DE102013225739B4 - Method for determining a position of the apex of a root canal of a tooth - Google Patents

Abstract

Method for determining a position of the apex (A) of a root canal (4) of a tooth, with values of an impedance as impedance measurement values (I1, I2, I3) between a first electrode (1) inserted into the root canal (4) and one with the oral mucosa (5) contacted second electrode (2) are measured for an applied AC voltage with a controllable frequency (f) and wherein an impedance end value determined on the basis of the impedance measurement values (I1, I2, I3) is compared with a desired value, the first electrode (1) has reached the position of the apex (A) when the final impedance value corresponds at least approximately to the target value, characterized in that- a locus curve (10) of the impedance is calculated on the basis of the impedance measurement values (I1, I2, I3), that- an impedance value of the Locus for f = ∞ is determined and that this impedance value is the impedance end value.

Description

technical field

The invention relates to a method for determining a position of the apex of a root canal of a tooth, wherein values of an impedance between a first electrode inserted into the root canal and a second electrode in contact with the oral mucosa are measured for an applied AC voltage with a controllable frequency and a determined Impedance value is compared with a target value, wherein the first electrode has reached the position of the apex when the impedance value determined corresponds at least approximately to the target value.

State of the art

When treating the root canal of a tooth, it is often helpful or even necessary to know the length of the root canal or the position of the apex, i.e. the tip of the tooth root, as precisely as possible.

The position of the apex is often determined by a resistance or impedance measurement, for which a first electrode is inserted into the root canal and the resistance or impedance of the tissue lying between this first electrode and a second electrode placed on the oral mucosa is measured. If the first electrode reaches the apex, the resistance is reduced to a characteristic value. This characteristic value of the tissue resistance at the apex is approx. 6 to 6.5 kΩ regardless of the tooth shape and tooth type or the age and condition of the patient.

Direct current measuring devices are known which, in order to localize the apex, detect the change in resistance or the tissue resistance that occurs when the apex is reached. However, such direct current measurements or direct current measuring devices are sensitive to the environment, e.g. dryness or moisture in the root canal and to possible polarization effects.

For this reason, alternating current measuring devices are now mostly used, with various methods being known for inferring the position of the apex from the impedance that can be determined.

the JP 2009/011470 A describes a method and a device for apex localization by means of impedance measurement, using a quotient method. The method described is based on an equivalent circuit diagram for the measurement setup and an equation system corresponding to the equivalent circuit diagram with three unknowns, which can be solved using three measured impedances for three different frequencies.

the US 2011/0039227 A1 performs an apex localization based on current amplitude measurements. For different frequencies from a very wide frequency range, the current drop is measured at a reference resistor as a function of the penetration depth into the root canal and the position of the apex is determined from an intersection of a measured curve for a low frequency and a measured curve for a high frequency.

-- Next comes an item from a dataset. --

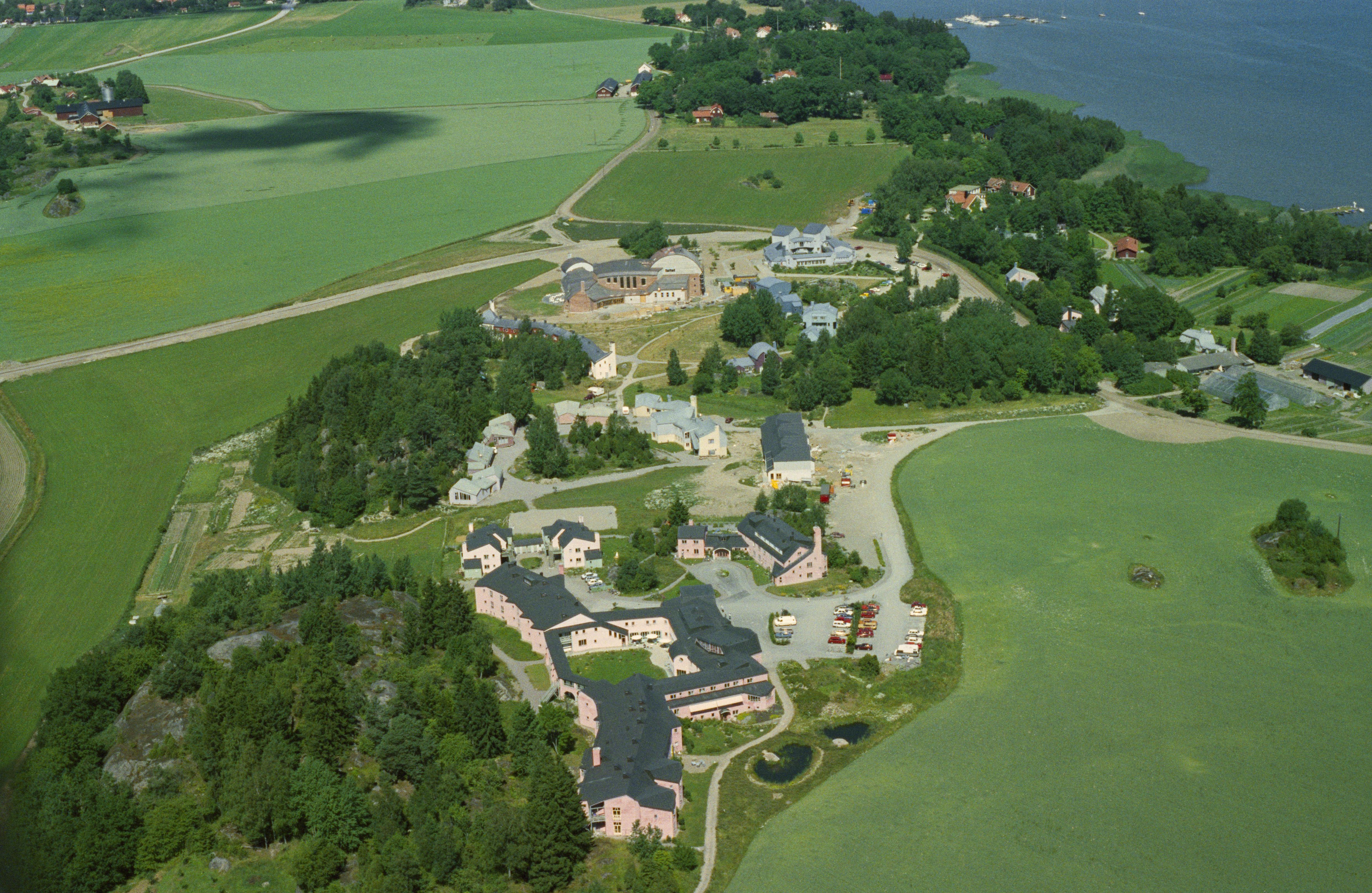 Beskrivning: Rudolf Steinerseminariet - Antroposofernas hus. Kulturhus, skola, sjukhuset Vidarkliniken, m.m. Norr i området gravfält RAÄnr Ytterjärna 134:1. Järnafjärden uppe till höger. Bilden är tagen mot (väderstreck): N
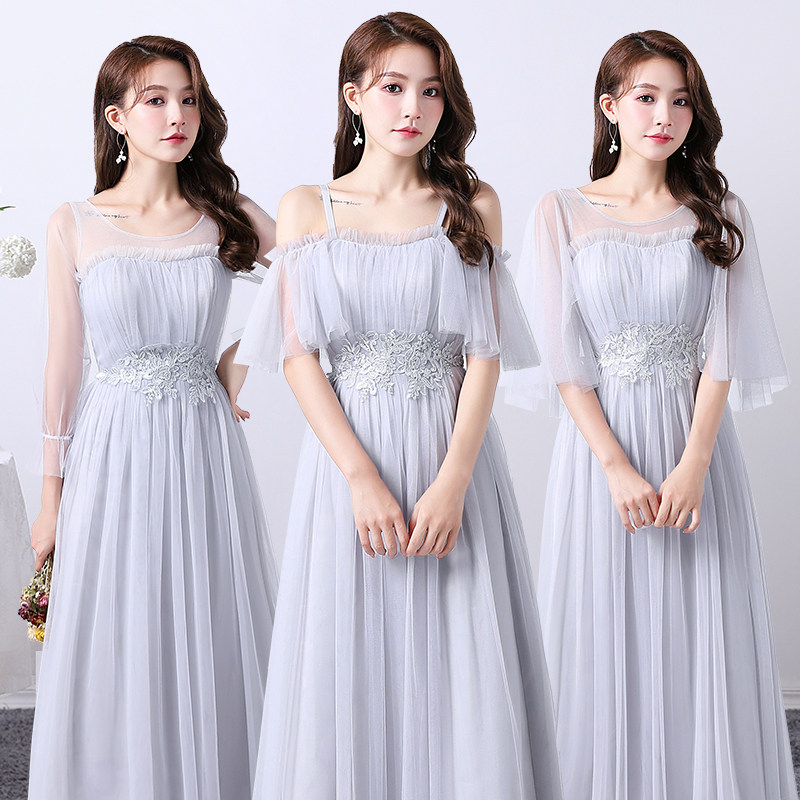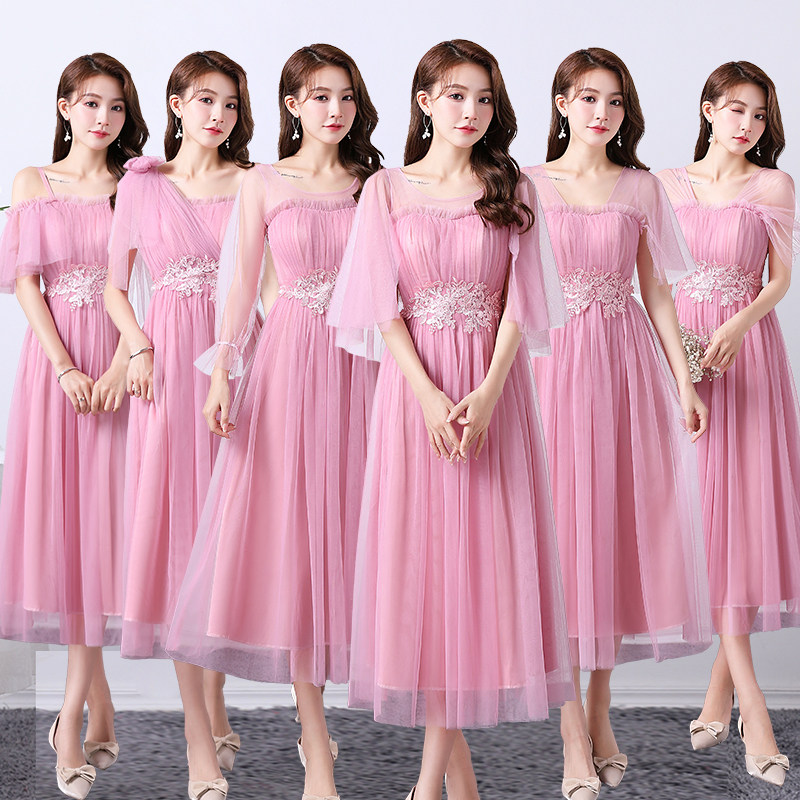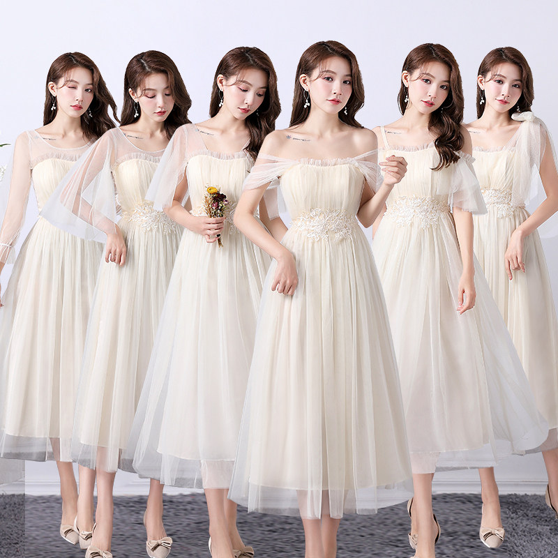 伴娘服2025新款香槟色修身显瘦仙气质姐妹团中长款合唱演出礼服裙

the DE 10 2008 012 677 A1 also describes a measuring device with two electrodes, with differences and ratios of measured impedance values being determined for apex localization. Alternatively, the apex position is also detected by measuring the current density or the like, other than a change in impedance.

From the WO 2007/057878 A2 an AC current measuring device and a method for apex localization by means of an AC current are also known, with impedance values being measured by means of two electrodes as a function of several different positions of the electrode in the root canal.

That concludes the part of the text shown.